The smart assistant is in direct competition with the already dominating Amazon Alexa, Google Assistant, and Apple's Siri. The company didn't provide much information about the speaker at the event, leaving the consumers wondering about the pricing and availability of the device. Here's what the Galaxy Home should do right to give other smart speakers a run for their money.
If Samsung manages to get the pricing right, it will have an upper hand in the sales numbers. We all know how Sonos One caught everyone's attention with its aggressive $200 price tag. It won't be surprising if the Galaxy Home costs more than that. But pricing it close to $350 like the Apple HomePod could be a deal-breaker for many.
While Siri is the most popular voice assistant on phone due to the huge iPhone user base, it failed to translate the success in the smart speaker segment. According to a recent report, the HomePod had a mere 6 percent of the US market, dwarfed by Amazon's 70 percent and Google's 24, respectively.
Google and Amazon sure have the lead measured in years, and offer devices for as low as $35 to $50. If Samsung wants to lock horns with these giants, it needs to be aggressive with the pricing of the Galaxy Home.
Smarter voice assistant
Given Samsung's strong ties with Google, it wouldn't be surprising if we see the Google Assistant alongside Bixby on the Galaxy Home. This also means the integration of built-in Chromecast media streaming and its multiroom audio capabilities. This will fit well with Samsung's SmartThings smart home ecosystem, which already supports the Google Assistant.
Sonos has already confirmed that it will add Google Assistant functionality this year -- it already has support for Apple AirPlay 2 and Alexa. So Samsung should probably follow the same strategy. We might see "choose your own assistant" speakers in the future, at least the premium ones.
Premium sound quality
Apple arguably has the best-sounding smart speaker. It sure does has some issues due to the small size, but still manages to keep its audio game high. To be on top of the chain, Galaxy Home should sound at least as good as the Sonos One or close to the HomePod.
With Harman on Samsung's side, combined with the company's audio lab, it shouldn't be a huge problem for Samsung to bring in premium audio quality with the Galaxy Home.
There is an ample amount of smart speakers available in the market. While most of them offer decent audio quality, what sets them apart is the quality of microphones used to "listen" for your spoken commands.

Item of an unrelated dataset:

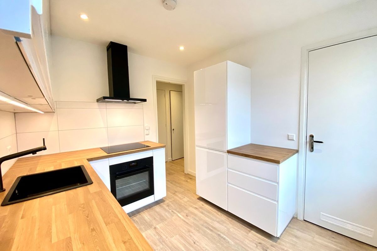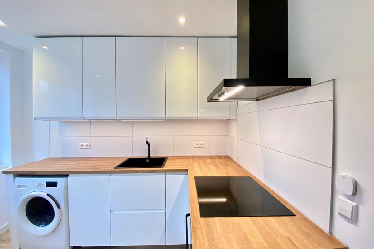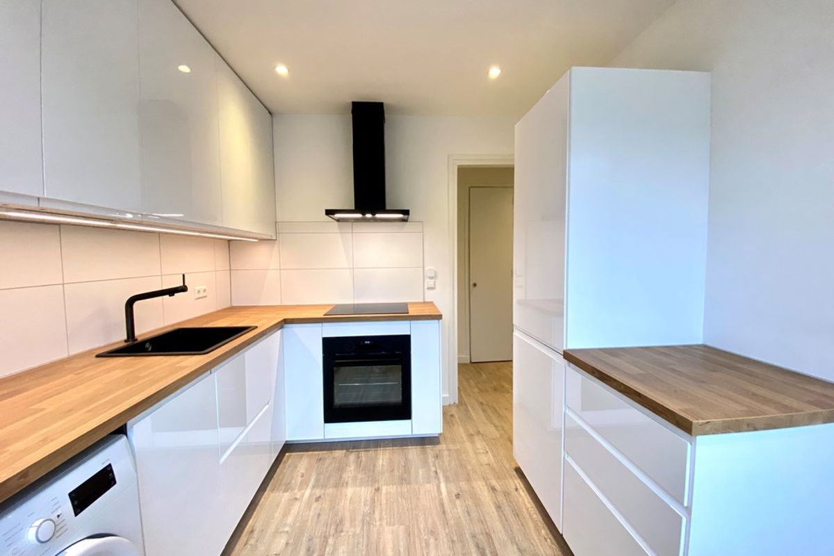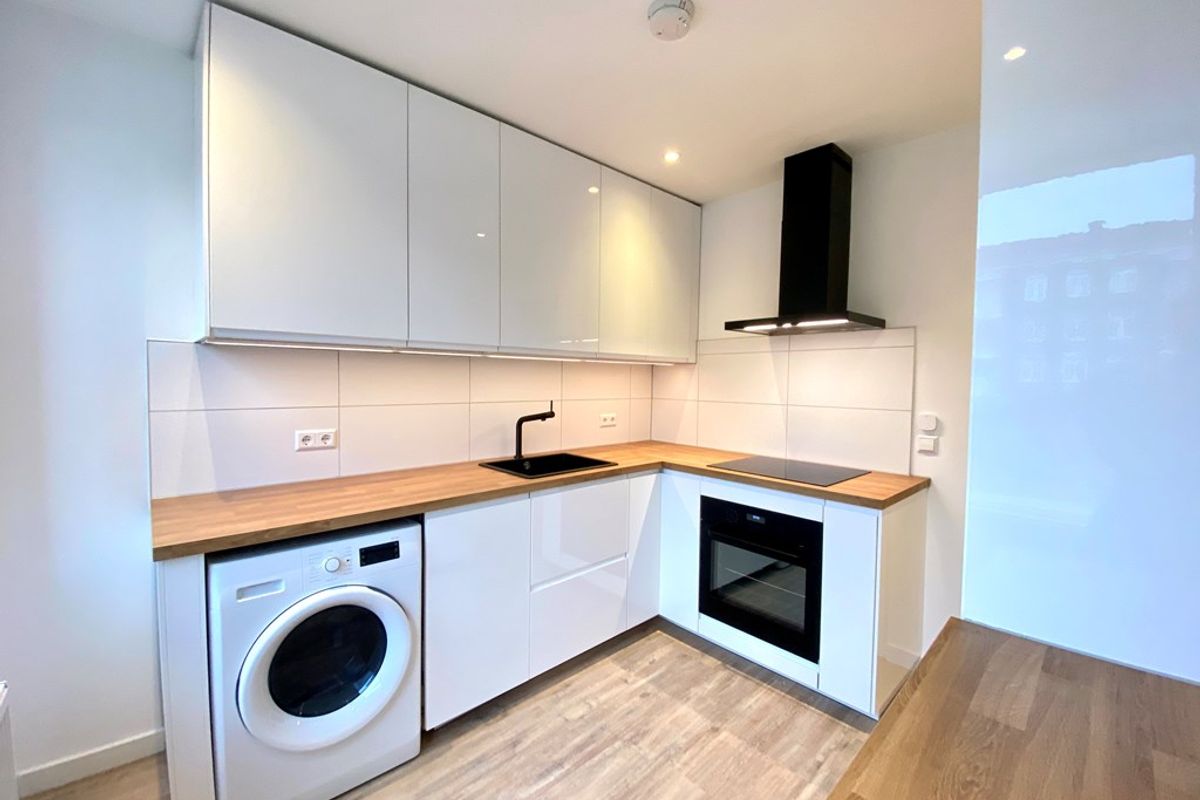 De keuken ligt aan de achterzijde en is voorzien van een koelkast, vriezer, wasmachine, inductiekookplaat, oven en een vaatwasser.

Apple HomePod is again the best listener amongst the lot. It uses very sensitive microphones that are capable of picking up the wake word "Siri" even when the user is in another room or even when the speaker is playing music. If Samsung wants a piece of the market, it will have to compete with Apple on the microphone front as well.

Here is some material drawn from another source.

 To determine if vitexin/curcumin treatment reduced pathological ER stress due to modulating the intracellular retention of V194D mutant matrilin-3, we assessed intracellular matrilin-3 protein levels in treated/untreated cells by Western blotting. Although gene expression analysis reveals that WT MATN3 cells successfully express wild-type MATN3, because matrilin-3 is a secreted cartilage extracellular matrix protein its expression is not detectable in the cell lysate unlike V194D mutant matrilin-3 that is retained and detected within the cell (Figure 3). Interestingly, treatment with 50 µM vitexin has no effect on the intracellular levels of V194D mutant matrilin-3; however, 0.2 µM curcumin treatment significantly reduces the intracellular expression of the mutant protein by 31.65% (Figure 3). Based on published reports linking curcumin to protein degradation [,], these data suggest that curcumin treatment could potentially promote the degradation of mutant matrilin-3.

A single speaker would be fine for a lot of people, but some want their speakers to fill in big rooms. The top-end speakers offer stereo pairing to enhance the audio quality. Samsung should also take the same approach and offer multiple inputs so users can plug it into their TVs.

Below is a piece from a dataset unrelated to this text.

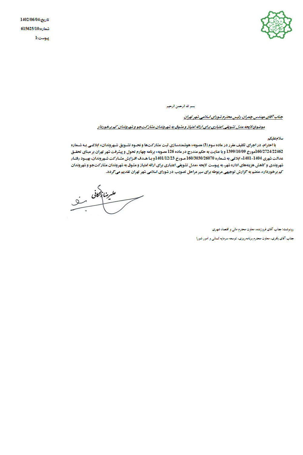 مدل تشويقي اعتباري براي ارائه امتياز و مشوق به شهروندان مشاركتجو و شهروندان كم برخوردار

Samsung's odd-looking Galaxy Home shows potential, and if the company manages to tick all the boxes with its performance and audio quality, like the HW-K950 sound bar, we might have a new smart speaker that could lead from the front. Also, the company needs to price it competitively along with a smarter assistant. Let's hope the company brings all this fruition when its Galaxy Home hits the shelves.